Concerns about Voyeurism

Concern about voyeurism has increased in light of recent incidents for which the Criminal Code provided no appropriate responses. The discovery in December 1999 of a video camera hidden inside a garbage can in the unisex washroom of the provincial Department of Justice in Fredericton, New Brunswick, raised questions about protecting the privacy rights of Canadians.

In February 2001, the media reported on a case of voyeurism at the Military College in Kingston. A video recording, made without the victim's consent while she engaged in a sexual act with an officer cadet, was later shown at several parties at the military base. The Crown Attorney advised police that the facts of the case did not disclose any offence under the Criminal Code and charges were therefore not laid under the Code. Of the three individuals involved in the case, one was acquitted of various offences under the National Defence Act. One individual pleaded guilty to two counts of disgraceful conduct and to one count of engaging in conduct to the prejudice of good order and discipline pursuant to sections 93 and 129, respectively, of the National Defence Act. He received a severe reprimand and a fine. Prior to trial he was administratively released from the Canadian Forces. The cadet who actually engaged in the sexual activity with the victim was found guilty of two counts of disgraceful conduct, was fined and was dismissed from the Canadian Forces.

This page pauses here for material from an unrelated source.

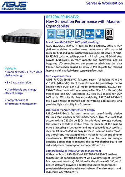 Brand new AMD EPYC™ 7002 platform design, Friendly Design and Premium Efficiency, Complete Remote Server Management
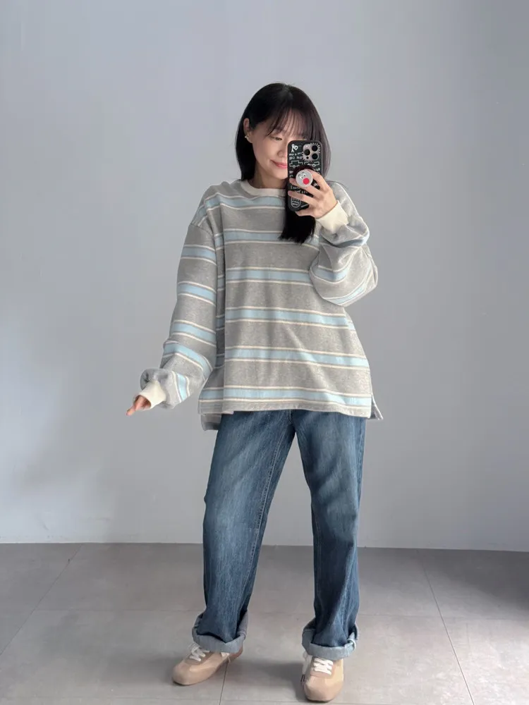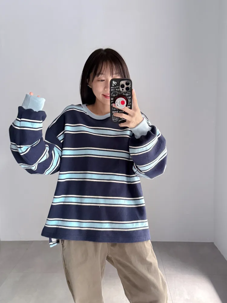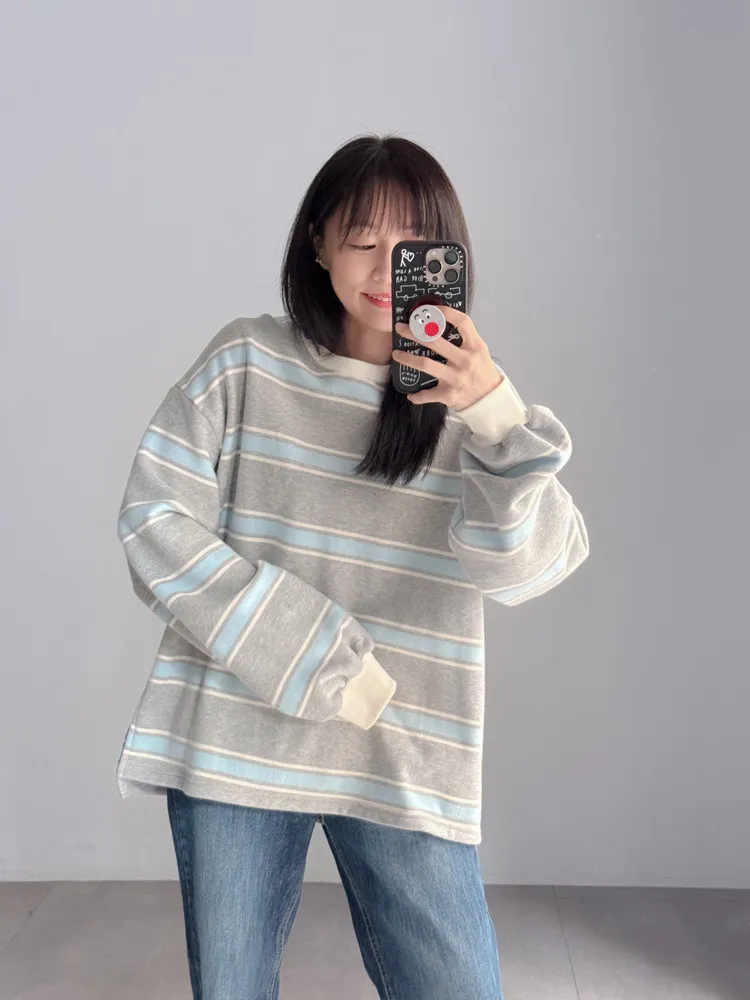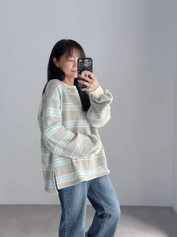 [特點] 圓領+寬袖設計,舒適棉手感,內裡刷毛,略寬鬆版型,前短後長剪裁。

On February 19, 2001, Maclean's magazine highlighted the degree to which new technologies, such as Web cameras and cameras hidden in everyday items, create a potential threat to privacy.

On February 12, 2002, the Federal, Provincial and Territorial Ministers responsible for Justice identified a need to create a voyeurism offence to protect victims of voyeurism and to address a "serious gap in the criminal law."

One justification for creating a voyeurism offence is that the secret viewing or recording of another person, which is done for a sexual purpose or which captures images of sexual organs, the anal region or explicit sexual activity, is a breach of that person's privacy to such a degree that it may undermine basic notions of the right to freedom and privacy in a democratic society.

Another justification for creating a voyeurism offence is that it would address emerging forms of crime made possible by new technologies (a priority identified in the last Speech from the Throne). A review of Internet sites that advertise voyeuristic materials confirms that there is a market for these images.